The oxidation efficiency of sulfite in wet desulfurization is related to the flow rate of oxidizing air, the quality of sulfur dioxide removed by the device (such as excess coefficient of oxidizing air, etc.), and the operation parameters (such as flue gas temperature, pressure, flow rate, humidity, oxygen content, SO 2 concentration, and other flue gas components; temperature, pressure, flow rate, density, PH value, oxidation rate, components, etc.) of oxidizing liquid. The higher the oxidation efficiency, the less sulfite in the desulfurization by-product and the higher the quality. Otherwise, if the wet desulfurization device oxidation system fails, the oxidation efficiency is reduced, so that the desulfurization efficiency is reduced, the crystallization of desulfurization byproducts is difficult, particles are thinned, dehydration is difficult, the quality is poor, and the recycling utilization is affected. For the same inlet flue gas condition, higher oxidation efficiency can be obtained by increasing the oxidation air flow, increasing the liquid level of an oxidation liquid tank, reducing the PH value of the oxidation liquid and the like, thereby facilitating the growth of crystallization particles of desulfurization byproducts, facilitating dehydration, reducing byproduct impurities and improving the quality. On the other hand, increasing the oxidation air flow rate and the liquid level of the oxidation liquid tank can cause overload operation of the oxidation fan, increase energy consumption and increase fault risk; lower PH of the absorption liquid also favors SO 2 absorption. Therefore, in actual production, the health state of an oxidation air system of the wet flue gas desulfurization device needs to be closely monitored.
Disclosure of Invention
The invention aims to solve the defects in the prior art, and provides a flue gas desulfurization and oxidation system fault prediction method based on a machine learning algorithm.

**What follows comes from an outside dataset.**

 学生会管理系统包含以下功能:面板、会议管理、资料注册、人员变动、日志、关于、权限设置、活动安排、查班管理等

In order to achieve the above purpose, the invention adopts the following technical scheme: a flue gas desulfurization oxidation system fault prediction method based on a machine learning algorithm comprises the following steps:
S1: collecting historical operation data of a flue gas desulfurization device as sample set data;
s2: the sample set data acquired in the step S1 are arranged into types and formats required by machine learning, and the sample set data of the machine learning are formed through data cleaning;
s2-1: deleting missing values in the sample set, and sequencing from small to large to obtain a sequence { X 1,X2,X3,……Xn } of each parameter;
S2-2: let ql=x (n/4),QU=X(3n/4), iqr=qu-QL; n/4, 3n/4 are rounded off to integer;
QL is the lower quartile; QU is the upper quartile; IQR is the quartile range;
x (n/4)、X(3n/4) is the value corresponding to the array { X 1,X2,X3,……Xn };
S2-3: removing values greater than Q U +1.5IQR and less than Q L -1.5IQR in the S2-1 sequence, and forming a new data sample by rusted data for machine learning;
s3: establishing a machine learning algorithm model:
S3-1: sample oxidation fan current established through sample data after S2 cleaning is used as a dependent variable Yi, and oxidation tank liquid level, oxidation liquid density, oxidation air flow and pressure are used as independent variables, and a linear algorithm model is established:
Yi=β0+β1Xi1+β2Xi2+...+βpXip+εi,i=1,...,n.

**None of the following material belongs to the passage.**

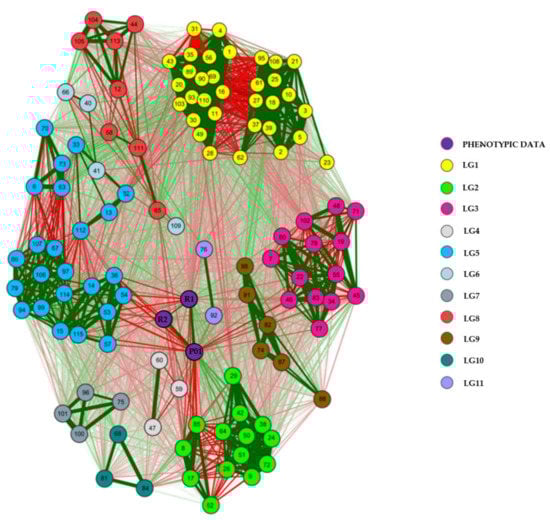 To confirm marker grouping in the genetic map and the location of QTLs of CLR resistance, correlation analysis using molecular data of all markers and phenotypic data of coffee plant resistance to the three H. vastatrix pathotypes (race I, race II, and pathotype 001) was performed. The correlation network confirmed the formation of 11 LGs on the C. arabica genetic map, which represents the basic number of chromosomes of the species (x = 11) (https://www.ncbi.nlm.nih.gov/genome accessed on 15 July 2021) [,]. As such, LG2 and LG5 marker data were correlated with phenotypic data, corroborating the presence of two independent CLR resistance loci in these LGs.

S3-2: establishing a matrix of samples:
Y=Xβ+ε;
Wherein Y refers to a column vector including observations Y 1,...,Yn; epsilon comprises a random component epsilon 1,...,εn which is an observation and an observation matrix X of regression quantity;
S3-3: solving beta and epsilon for a linear regression equation by using a least square method;
s4: training the algorithm model established in the step S3 by using the sample data in the step S2; the algorithm model parameters are adjusted through testing, so that the accuracy and precision of the result are improved;
s5: inputting real-time operation data, and predicting the characteristic current of the oxidation fan by using the adjusted algorithm model obtained in the step S4;
s6: judging the characteristic current of the predictive oxidation fan obtained in the step S5;
If the set value is exceeded, outputting an alarm event, and storing an algorithm model to enter the next prediction; if the set value is not exceeded, comparing with the measured value;
S7: if the measured value accords with the predicted value, the algorithm model is saved to enter the next prediction; if the actual measurement value does not accord with the predicted value, the group of operation data enters a historical database, algorithm model training and testing are conducted again, and the iterative algorithm model is used for predicting the characteristic current of the S5 oxidation fan;
training and testing are to repeat the working contents in the steps S3 and S4;
the iteration is a process of replacing the original algorithm model by constructing a history database by using the S7 rule and repeating the steps S2 to S4 to obtain a new algorithm model.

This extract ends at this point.